[[ Task data, beginning ]]

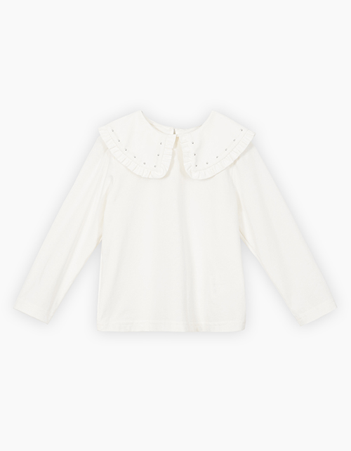 Романтичный лонгслив в нежном оттенке хрустальная роза для девочки. Прямая модель с длинным рукавом. Застёжка на пуговицу. Изящный воротник с рюшей по краю воротник декорирован стразами. Лонгслив интересно смотрится в паре с бомбером (арт. 232004).
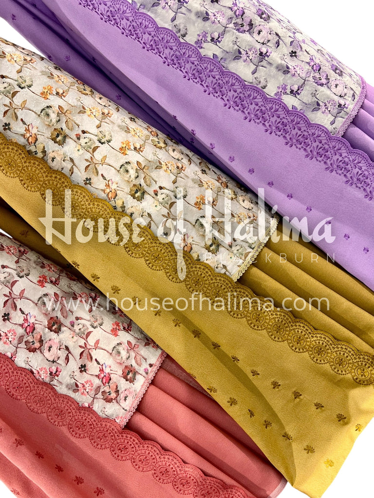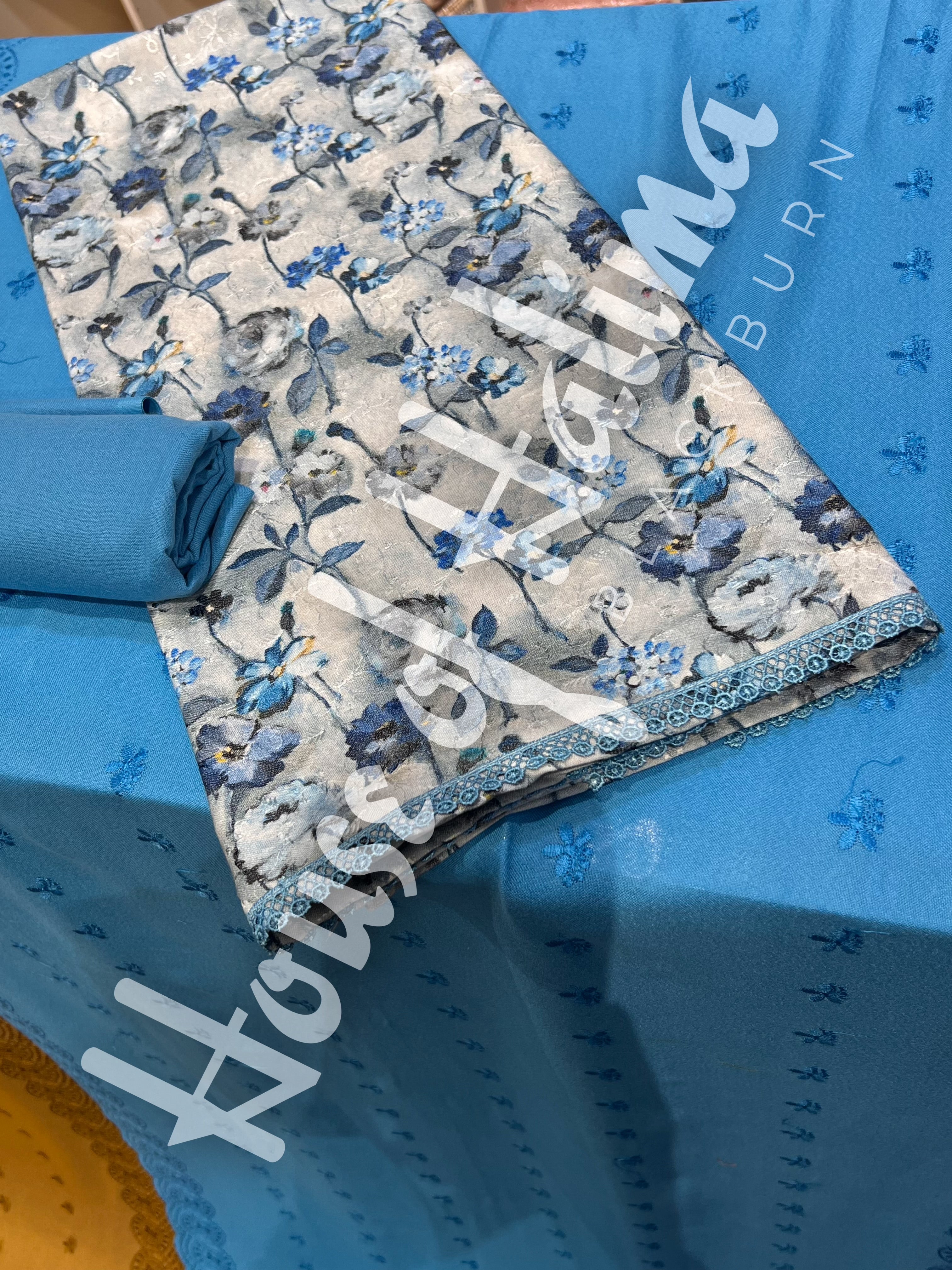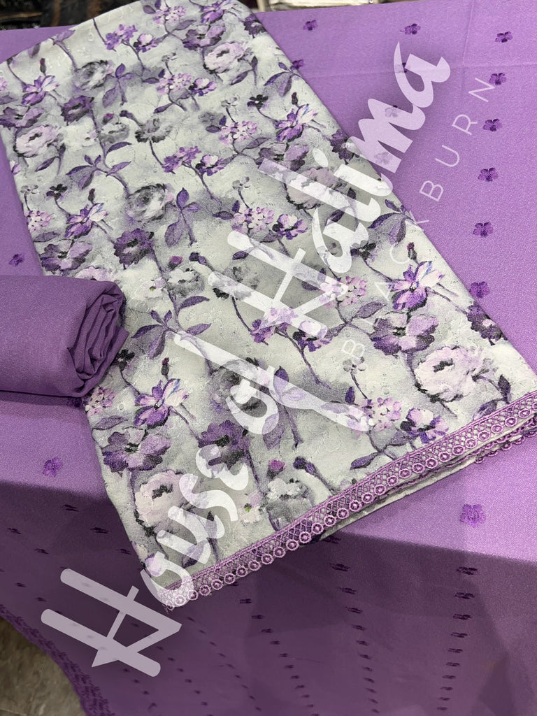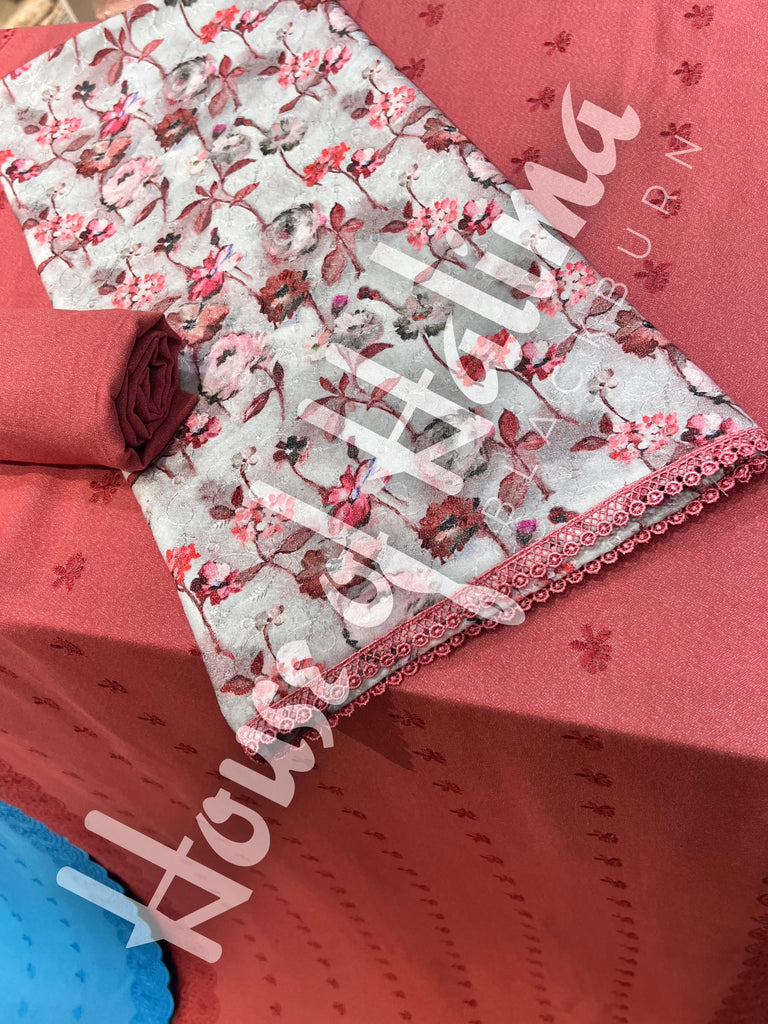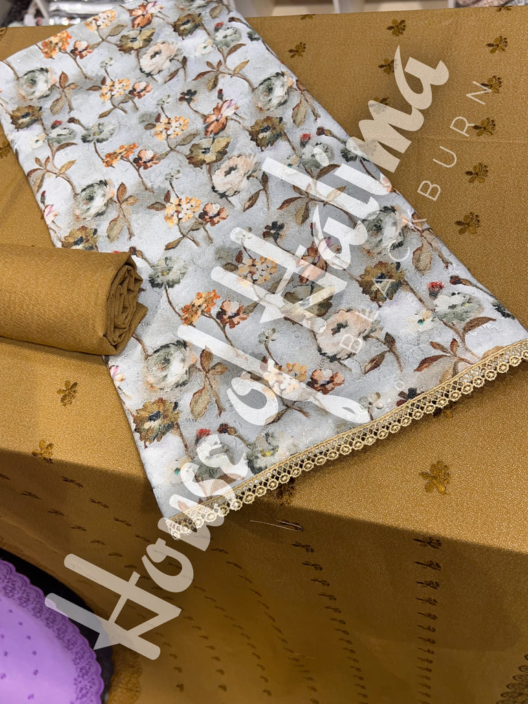 Embroidered alpine suits with full front and back embroidery and contrasted shalwar & shawl. Comes with embroidered alpine shawl.
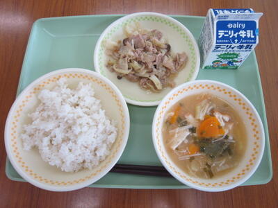 麦ごはん、牛乳、春雨スープ、キャベツのそぼろ炒め
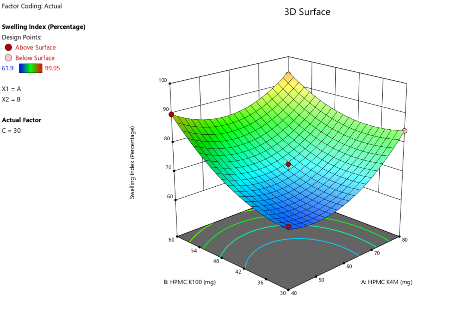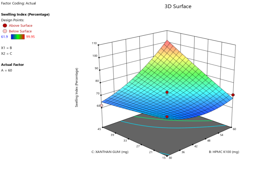 The model was found to be significant (F value = 19.05: P value<0.05. The value predicted 0.5932and adjusted R2 value 0.9207 is reasonable agreement. Adequate Precision measures the signal-to-noise ratio is required. This ratio greater than 4 is desirable. The obtained ratio of 13.383 indicated an adequate signal. From the polynomial equation, it is clear that A, B, C influence the swelling index. The positive sign of independent variables (A, B, C) clearly indicated that the swelling index was increase with an increase in polymer concentration.
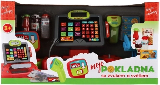 La grande caisse enregistreuse pour enfants transforme chaque coin en petite boutique. Elle offre des effets lumineux et sonores, une calculatrice fonctionnelle, un lecteur de cartes et une balance pour fruits et légumes. Inclus : fausses billets, pièces et aliments. Alimentation 2× AA (non incluses). À partir de 3 ans.
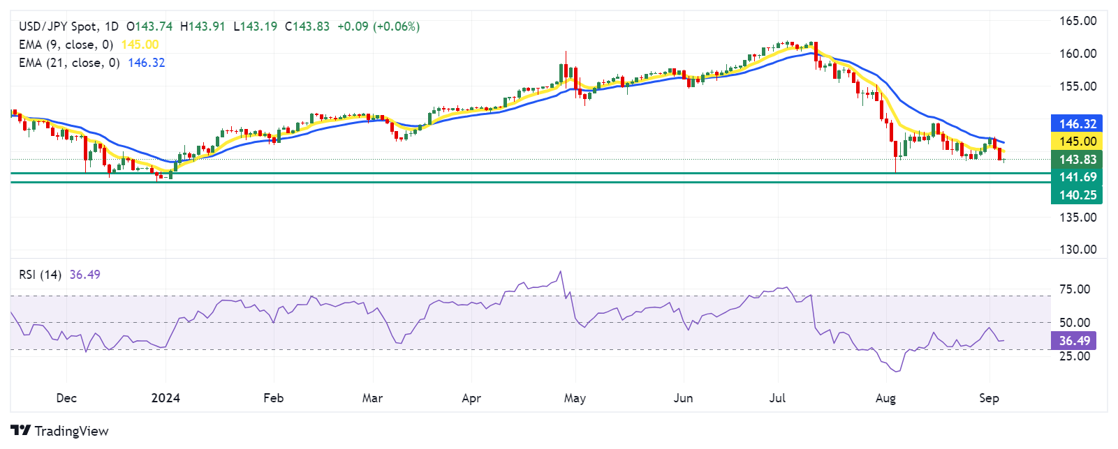 周四,美元/日元的交易价格约为143.80。日线图分析显示,9天指数移动平均线(EMA)仍低于21天EMA,表明市场持续看跌。此外,14天相对强弱指数(RSI)徘徊在30水平附近,证实了持续的看跌势头,但也表明短期内可能会出现向上修正。

[[ Task data, end ]]

Task description
Without including any picture, reproduce the material above word for word.

Answer section
 Романтичный лонгслив в нежном оттенке хрустальная роза для девочки. Прямая модель с длинным рукавом. Застёжка на пуговицу. Изящный воротник с рюшей по краю воротник декорирован стразами. Лонгслив интересно смотрится в паре с бомбером (арт. 232004).
 Embroidered alpine suits with full front and back embroidery and contrasted shalwar & shawl. Comes with embroidered alpine shawl.
 麦ごはん、牛乳、春雨スープ、キャベツのそぼろ炒め
 The model was found to be significant (F value = 19.05: P value<0.05. The value predicted 0.5932and adjusted R2 value 0.9207 is reasonable agreement. Adequate Precision measures the signal-to-noise ratio is required. This ratio greater than 4 is desirable. The obtained ratio of 13.383 indicated an adequate signal. From the polynomial equation, it is clear that A, B, C influence the swelling index. The positive sign of independent variables (A, B, C) clearly indicated that the swelling index was increase with an increase in polymer concentration.
 La grande caisse enregistreuse pour enfants transforme chaque coin en petite boutique. Elle offre des effets lumineux et sonores, une calculatrice fonctionnelle, un lecteur de cartes et une balance pour fruits et légumes. Inclus : fausses billets, pièces et aliments. Alimentation 2× AA (non incluses). À partir de 3 ans.
 周四,美元/日元的交易价格约为143.80。日线图分析显示,9天指数移动平均线(EMA)仍低于21天EMA,表明市场持续看跌。此外,14天相对强弱指数(RSI)徘徊在30水平附近,证实了持续的看跌势头,但也表明短期内可能会出现向上修正。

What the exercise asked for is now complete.